LETTER: Base your ‘no’ vote to the school budget on facts

May 17, 2024

To the Community: 

My name is Frank Provato, and I have been a resident of Waterbury Center for 24 years. You are being asked to vote again on a new school budget proposal. Please do not base your decision on wanting to “just get this over with.” And please do not base your decision on the unsubstantiated claims by school administration and staff that further budget reductions will somehow harm the future prospects of our students. They have put forth no objective evidence to support that claim.

Please base your decision on the facts as follows: 

The new proposal raises the school budget by 5.4%, nearly double the general rate of inflation, after similar higher than inflation increases in the past two years. It leaves us with a HUUSD per pupil cost of $15,250, 13.8% higher than the statewide average ($13,396). According to the Vermont Legislature’s Joint Fiscal Office report in 2023, Vermont’s per pupil expense and the staff-to-student ratio are among the highest in the nation. But the data does not support the notion that Vermont’s student academic performance is proportionately better than the rest of the nation. The same report describes a 20-year history of failed attempts to rein in educational spending in Vermont.

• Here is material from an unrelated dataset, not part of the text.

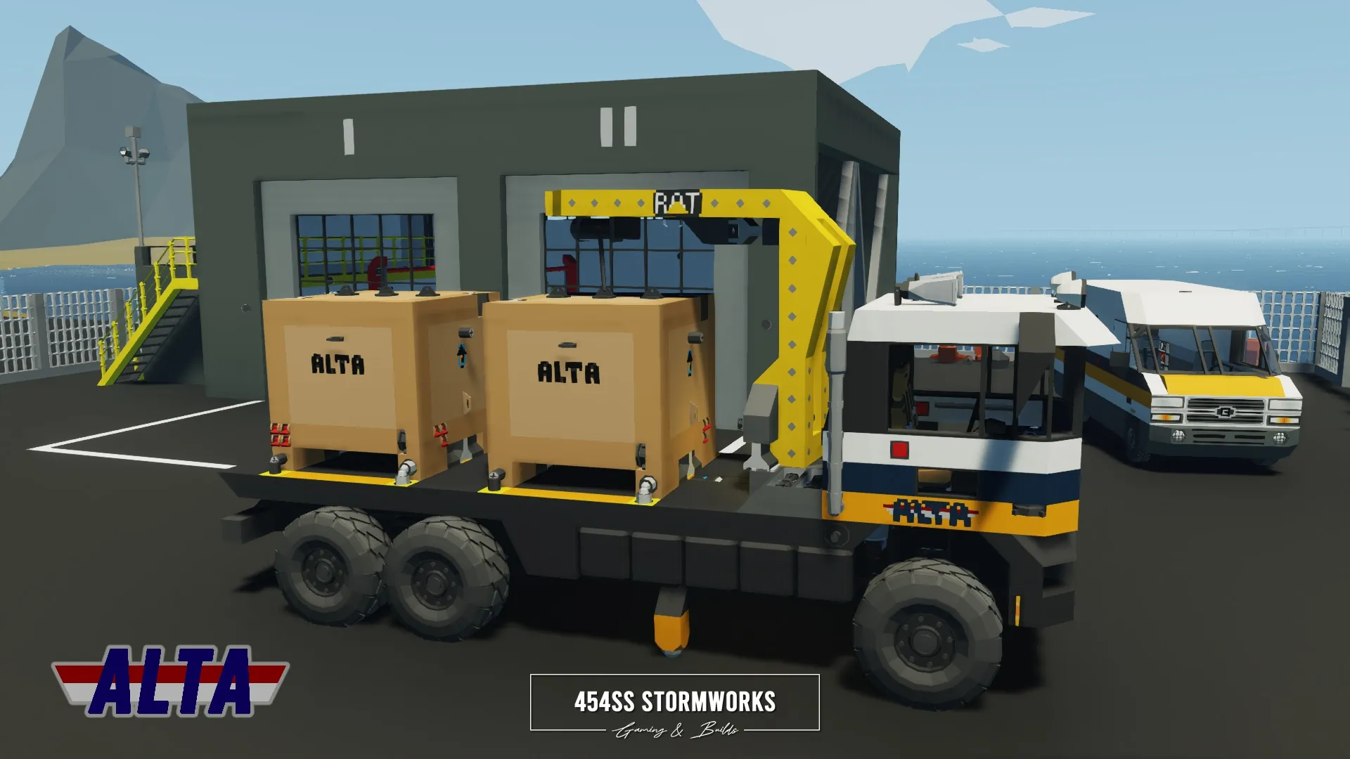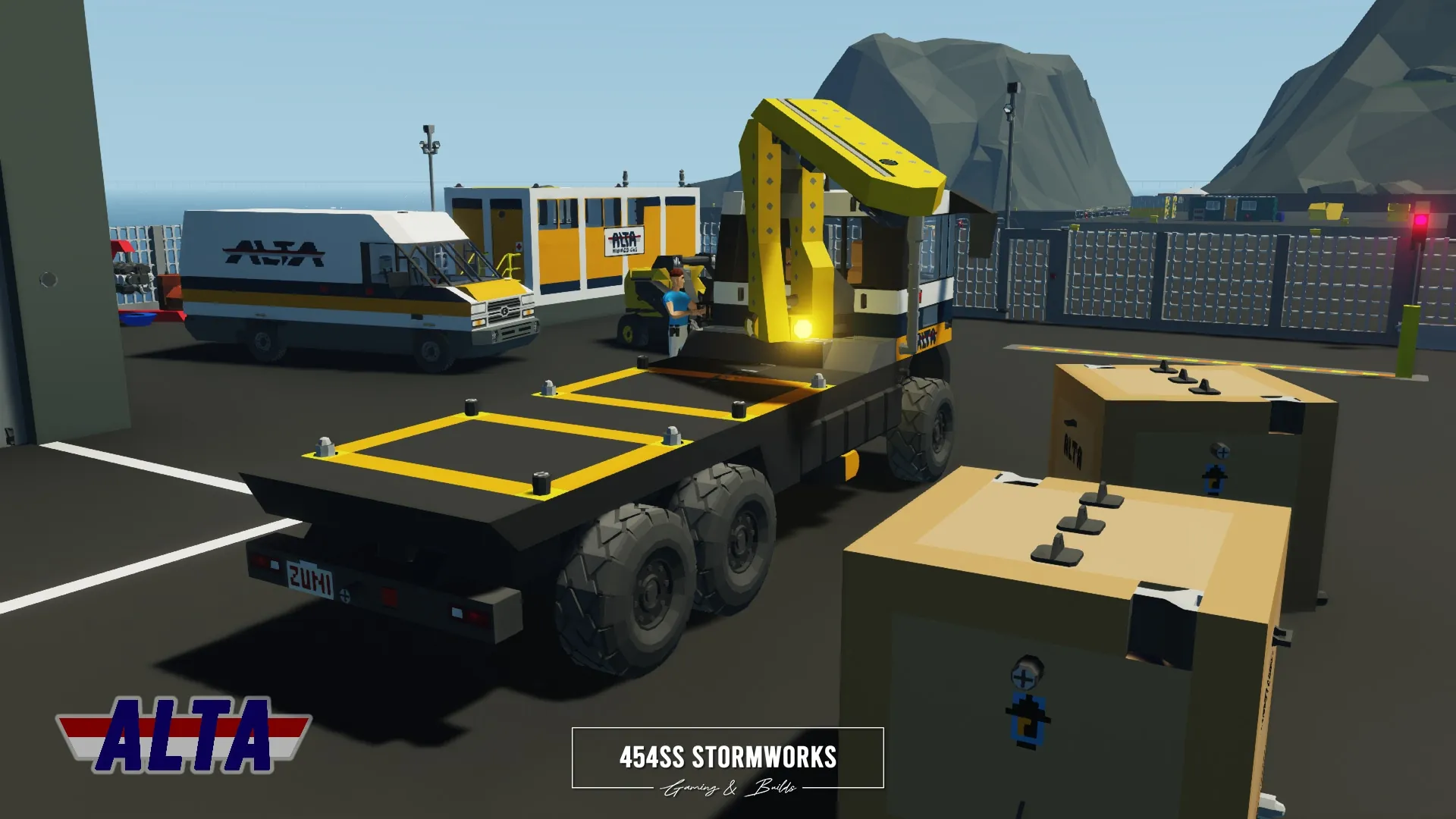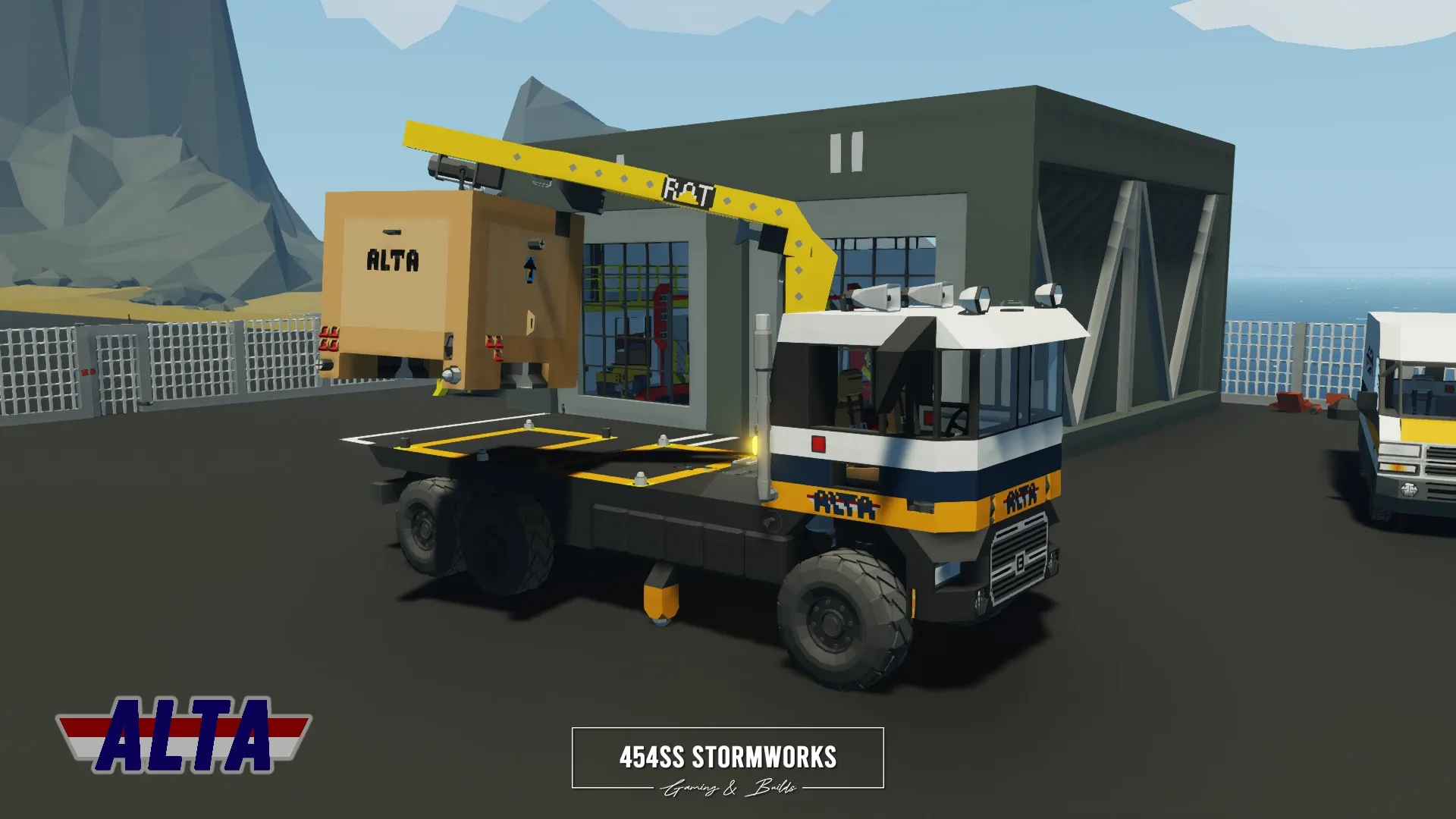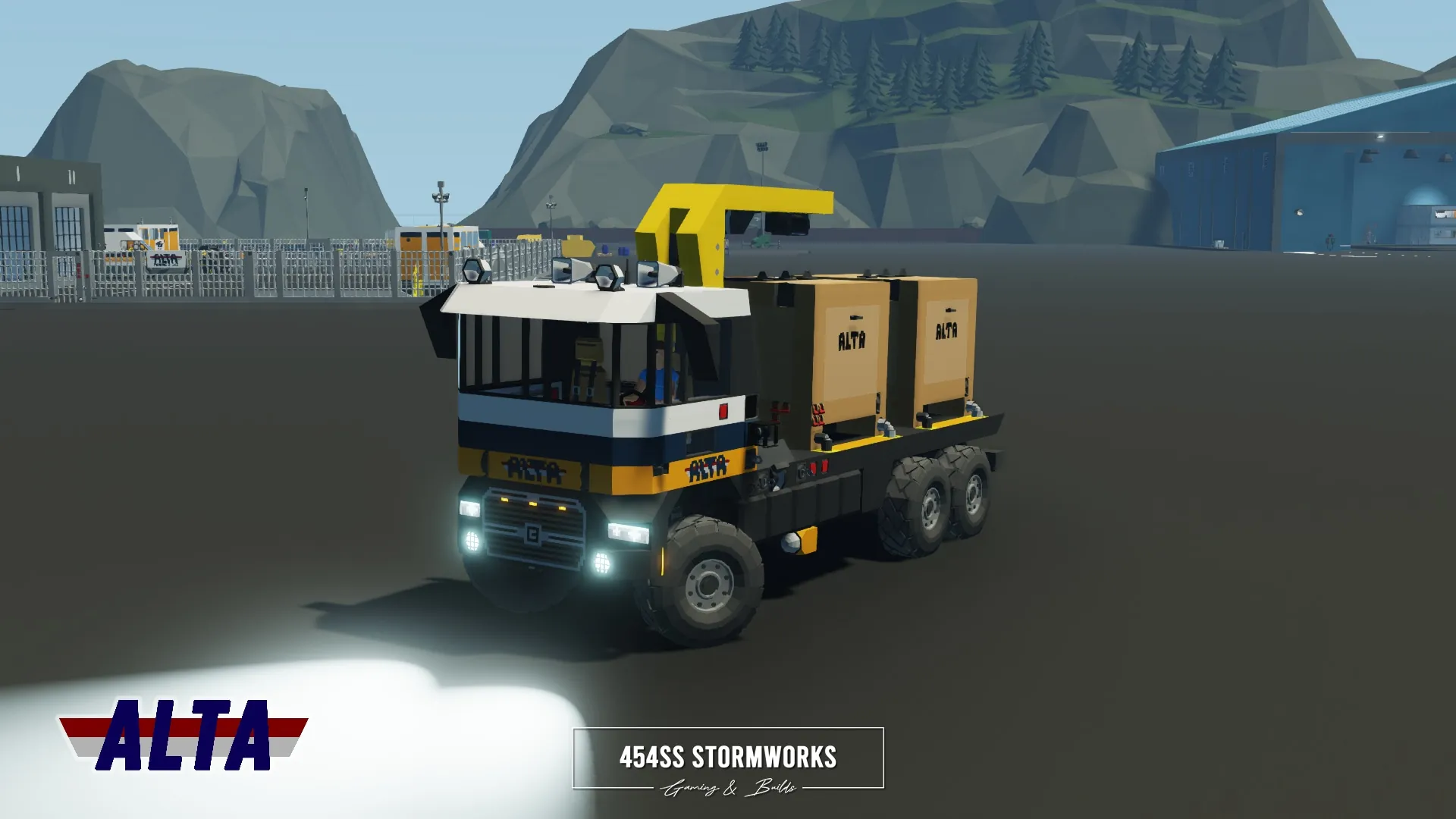 The Buckel Convoy is a Class 7 commercial-grade truck, produced since 2006 for the European market. This particular unit is owned by ALTA Industrial Corp., a (fictional) mining, drilling and transportation company. Under the cab is a supercharged 10 cylinder engine, attached to an oversized 1600 L fuel tank, towing-geared transmission and hexasteer rear axle. It features a UniCon crane, outriggers and a flatbed that allows easy loading and storage of two UniCon containers.

The new budget proposal will raise educational property taxes as follows: Waterbury 14%, Duxbury 10.5%, Warren 19.3%, Waitsfield 18.7%, Moretown 10.3%, Fayston 13.3%. Those increases are three to five times the current rate of general inflation (about 3.5%). That is not OK.

Lastly, reducing the school budget further will further reduce taxes significantly. The new proposal before us reduced the proposed budget increase by about two percentage points (7.6% to 5.4%) resulting in a three percentage-point reduction in the tax rate in Waterbury (17% to 14%) from the budget the voters rejected on April 30 to the latest proposal.